A new scheme has been introduced from 6 April 2014 that will help fund the cost of employing staff. Contained in the National Insurance Contributions Bill there is a new allowance of £2000 that can be claimed by virtually all employers with just a few exclusions. This means, for example, that a business can pay its first employee a salary of up to £22,400 per annum without having to pay any employer’s National Insurance Contributions (NICs).

Susie Swift, Partner in the Landed Estates and Rural Business Group of UK top 20 Chartered Accountant Saffery Champness, and based in the firm’s Inverness office, says:

This new scheme will be extremely useful to rural businesses with a small number of employees since, if an employer’s NIC liability for the year is less than the £2000 allowance, it will at a stroke reduce the contribution that they have to pay to zero.  It is however not available to create a refund if not used or a loss to carry forward.

Likewise an employer in more than one PAYE scheme will only be able to apply the allowance to one scheme as it is awarded per employer and not per scheme.

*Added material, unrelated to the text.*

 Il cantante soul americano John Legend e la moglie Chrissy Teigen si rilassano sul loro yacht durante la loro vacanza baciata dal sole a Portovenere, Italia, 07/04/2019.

In order to gain the benefit employers need to ensure they have ticked the box on their payroll software. It is also not necessary for them to have been operating the PAYE scheme for a whole tax year, and new employers for the 2014/15 tax year should also be able to benefit from it.

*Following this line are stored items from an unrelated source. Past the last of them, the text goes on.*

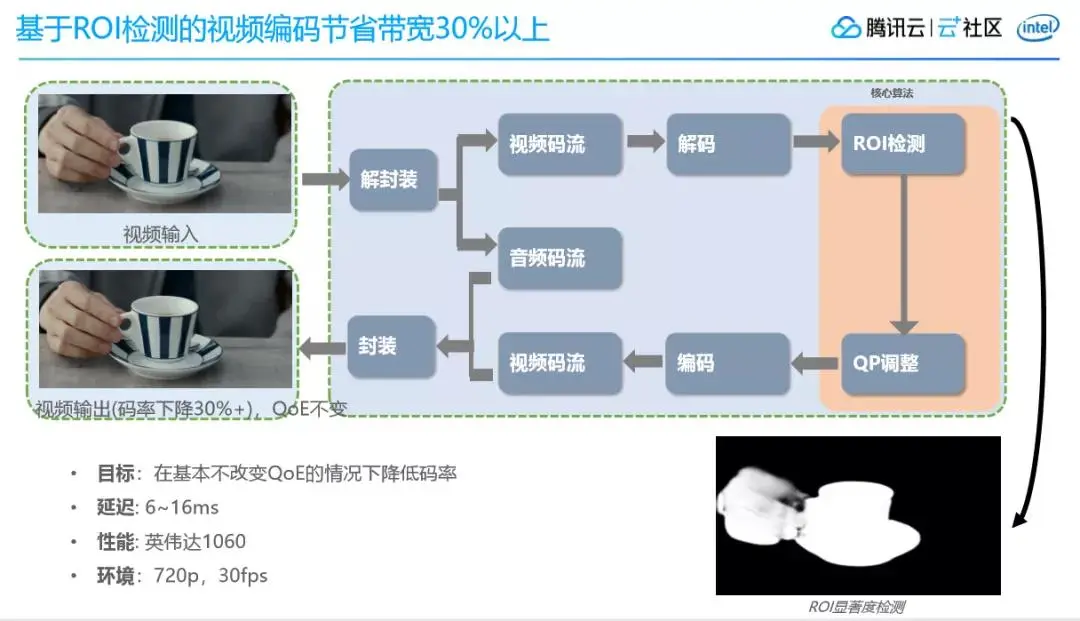视频类应用是边缘计算典型的应用场景。TMEC提供有高质量的视频转码能力,它是基于用户感兴趣区域ROI的视频编码技术,通过这个技术可以在不影响用户体验质量的情况下,将码率降低30%以上。
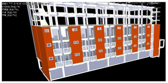 This paper then integrated the Revit information model of student dormitory building and MS project schedule into Navisworks software (license number: 559-06926929) and realized the dynamic simulation process by dividing the construction process and connecting time information of components in the construction process, as shown in Figure 14, Figure 15, Figure 16 and Figure 17.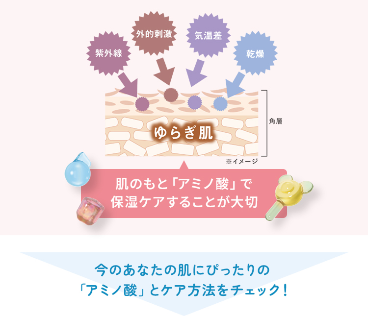厳しい寒さと乾燥により、うるおいがどんどん奪われる冬。そして花粉などの刺激や紫外線ダメージが多くなる春。さまざまな負担がかかるこの時期の肌は、肌本来の”バリア機能”やうるおいを保つ力が低下しやすく不安定な状態に。美肌成分「アミノ酸」を補うことで、根本からうるおいを立て直すことが大切です。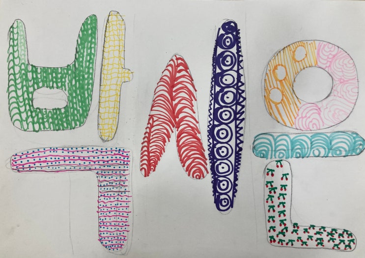 안녕하세요! 아이들의 창의력이 쑥쑥 자라나는 예본아르떼입니다. 오늘은 우리 아이들이 가장 친근하게 느끼는 단어, 바로 자신의 '이름'을 활용해 멋진 예술 작품을 만들어보는 시간을 가졌습니다. 이름 이니셜 속에 정성 가득한 패턴을 채워 넣은 '이니셜 젠탱글' 수업 현장을 공개합니다! 세상에 하나뿐인 나만의 '이름 예술' 단순히 이름을 쓰는 것을 넘어, 글자의 형태 안에 자신만의 규칙과 색깔을 담아보았습니다. 글자 속의 작은 세상: 'ㄱ', 'ㄴ', 'ㅅ' 등 글자 의 빈 공간을 선, 점, 물결 등 다양한 패턴으로 채웠어요. 다채로운 색감의 조화: 사인펜과 색연필....... <img src="https://blogthumb.pstatic.net/MjAyNjAyMThfMTk5/MDAxNzcxMzkyMjQyNjY5.cHyehcIy6XWf32D13UEKQVHqGWWHMbMVhmlVHVu9tFog.1R0cy-jdlkOS8e4wheDvT5w4Ep0fNlsDvTPAVME3hh4g.JPEG/IMG_9435.jpeg?type=s3" />
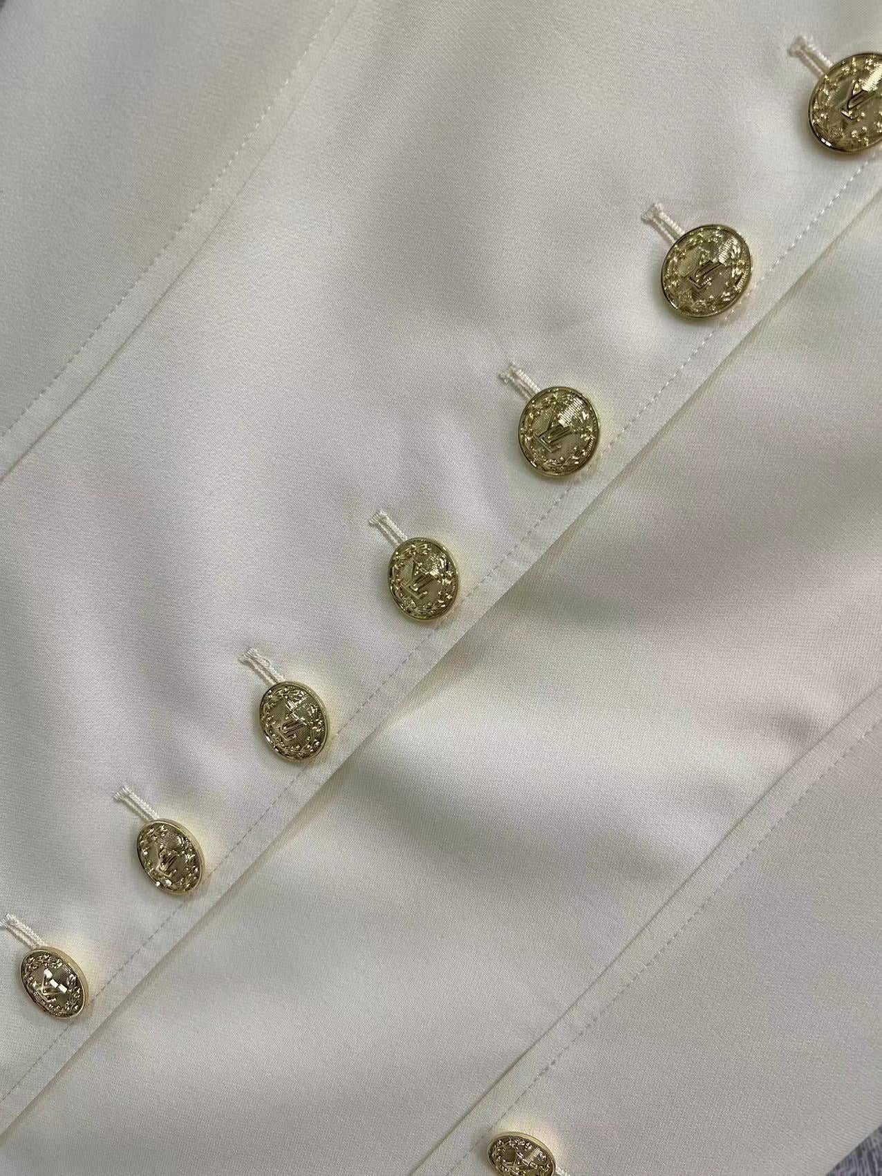 LV 25 Round-Neck Logo Metal Buttoned Dress White Poliester

There are some exclusions, including domestic staff, so it cannot be offset against the NICs of an employee whose job is connected with their employer’s personal, family, or household affairs.

Susie Swift says:

Another measure included for anti-avoidance purposes is that connected entities will each be unable to take advantage of the scheme, and such structures must decide which one will qualify for the allowance. This is to ensure that employers do not set up a number of different entities, all with different PAYE schemes.

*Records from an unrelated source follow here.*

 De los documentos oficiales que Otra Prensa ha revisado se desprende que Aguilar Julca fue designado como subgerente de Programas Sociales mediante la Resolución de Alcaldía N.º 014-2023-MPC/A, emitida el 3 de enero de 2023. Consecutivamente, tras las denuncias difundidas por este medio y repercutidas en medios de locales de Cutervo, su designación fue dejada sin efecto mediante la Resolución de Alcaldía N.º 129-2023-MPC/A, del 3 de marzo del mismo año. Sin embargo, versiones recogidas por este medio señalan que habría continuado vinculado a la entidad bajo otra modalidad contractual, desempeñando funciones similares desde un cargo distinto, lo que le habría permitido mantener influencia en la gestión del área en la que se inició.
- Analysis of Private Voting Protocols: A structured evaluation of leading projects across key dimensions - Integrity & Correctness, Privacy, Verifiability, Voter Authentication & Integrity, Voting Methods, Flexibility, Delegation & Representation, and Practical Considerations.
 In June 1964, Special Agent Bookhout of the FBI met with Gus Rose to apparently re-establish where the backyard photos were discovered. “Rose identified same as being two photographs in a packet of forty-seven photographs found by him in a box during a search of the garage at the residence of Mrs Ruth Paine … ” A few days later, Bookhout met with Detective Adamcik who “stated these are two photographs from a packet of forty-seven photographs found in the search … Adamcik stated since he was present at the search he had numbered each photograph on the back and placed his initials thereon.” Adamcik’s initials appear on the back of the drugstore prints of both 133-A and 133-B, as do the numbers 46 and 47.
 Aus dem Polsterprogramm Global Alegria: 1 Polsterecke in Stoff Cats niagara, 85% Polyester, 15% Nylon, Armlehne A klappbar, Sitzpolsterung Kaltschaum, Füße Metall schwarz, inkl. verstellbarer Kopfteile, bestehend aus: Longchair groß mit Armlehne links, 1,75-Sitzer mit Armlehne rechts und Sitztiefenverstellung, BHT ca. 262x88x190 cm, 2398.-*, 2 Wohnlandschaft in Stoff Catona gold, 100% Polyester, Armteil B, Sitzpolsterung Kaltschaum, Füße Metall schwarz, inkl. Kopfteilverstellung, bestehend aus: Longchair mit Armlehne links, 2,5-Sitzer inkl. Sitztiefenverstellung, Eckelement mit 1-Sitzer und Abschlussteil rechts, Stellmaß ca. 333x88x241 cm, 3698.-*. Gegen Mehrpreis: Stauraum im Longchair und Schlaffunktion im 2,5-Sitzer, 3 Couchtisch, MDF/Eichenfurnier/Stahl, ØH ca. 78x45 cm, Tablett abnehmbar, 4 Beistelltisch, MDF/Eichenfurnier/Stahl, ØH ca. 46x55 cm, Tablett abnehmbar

This is a small yet significant concession to business which we consider will help in getting more people into work and in crossing that line where a first or additional employee actually becomes viable. In the rural sector it should be an incentive to rural business to secure additional employment, or to safeguard existing jobs.

We also look forward to the abolition of employer’s NICs for under 21 year olds from April next year.